19:13 karolherbst: alyssa: weird idea: try adding a padding member at offset 0 🙃 and see if that is a suitable workaround. I think that changes the generated code enough. But might end up with something similar
19:17 karolherbst: mhh though in your case it's an array...
19:24 zf: xrandr
19:24 zf: oops, wrong window :P
19:32 lina: I worked out how to ship llvm18 spirv stuff on F41 so at least this isn't on fire any more ^^
20:10 dj-death: alyssa: welcome to our world, I'm sorry.

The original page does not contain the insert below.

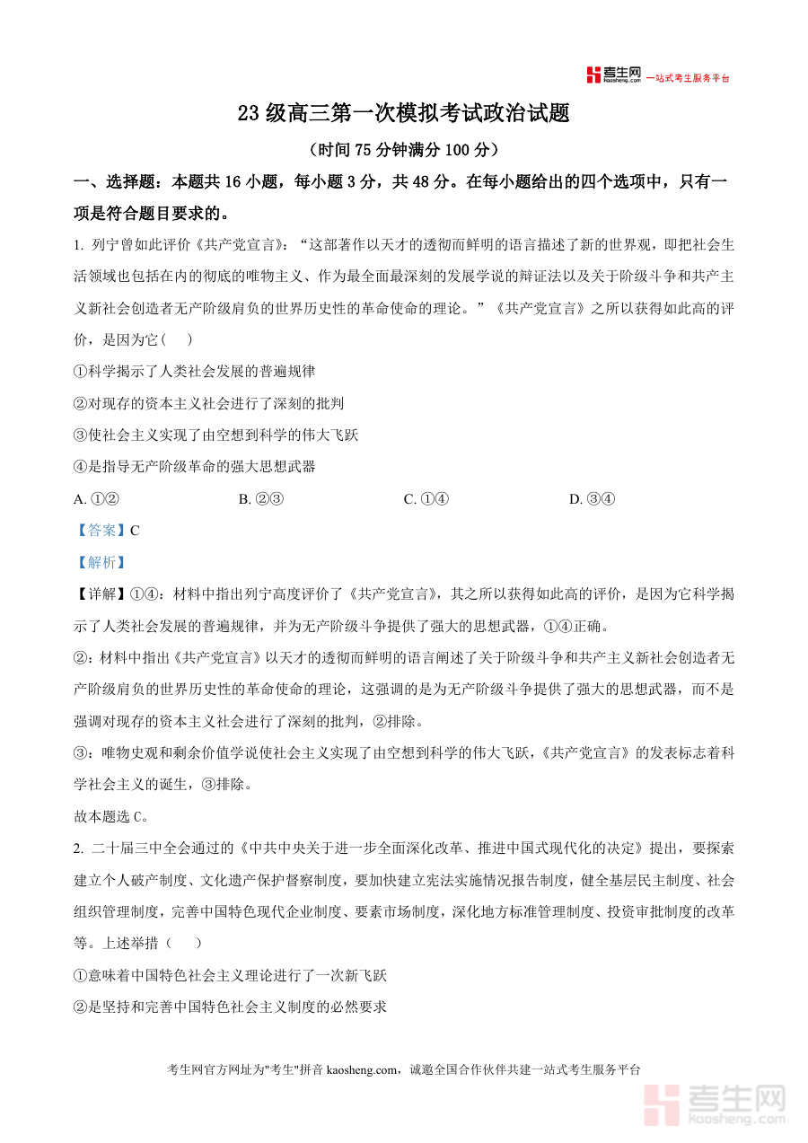 精品解析2026届四川省仁寿第一中学校南校区高三上。学期一模政治试题解析版docx是一份针对特定阶段考。试的备考资料核心围绕考试的时间地区与用途展开为考生。提供阶段检测与备考参考这份资料的核心用途在于帮助对。应年级的学生明确学习重点通过阶段考试诊断学情为后续。复习规划提供依据无论是开学摸底阶段检测。

22:28 karolherbst: yeah.. I really should bump up the prio on that one 🙃
22:32 figaroseen: alyssa: they silence real people, if you want to preserve your work, you gonna have to cope with their rules and you might be as young that maybe it's beneficial to you, another plan would be since all real people are at my side including gangsters and real forces to make a meat out of this syndicate with my personal opinion there yes i would do it for personal reasons since they tried to
22:32 figaroseen: kill me, but for you i would not advise that path, just keep doing the nonsense work and have fun , maybe one day you get gifted some new ryzen or just buy one that works ok, the last eight generations of intel are also pretty ok. Those channels have turned into a joke anyhow to some degree the least, but most important the systems that can be redesigned have enough of base goodies to do
22:32 figaroseen: that. As for fact , windows, osx , linux and so many other oses, are suitable to make such hacks i have queued up.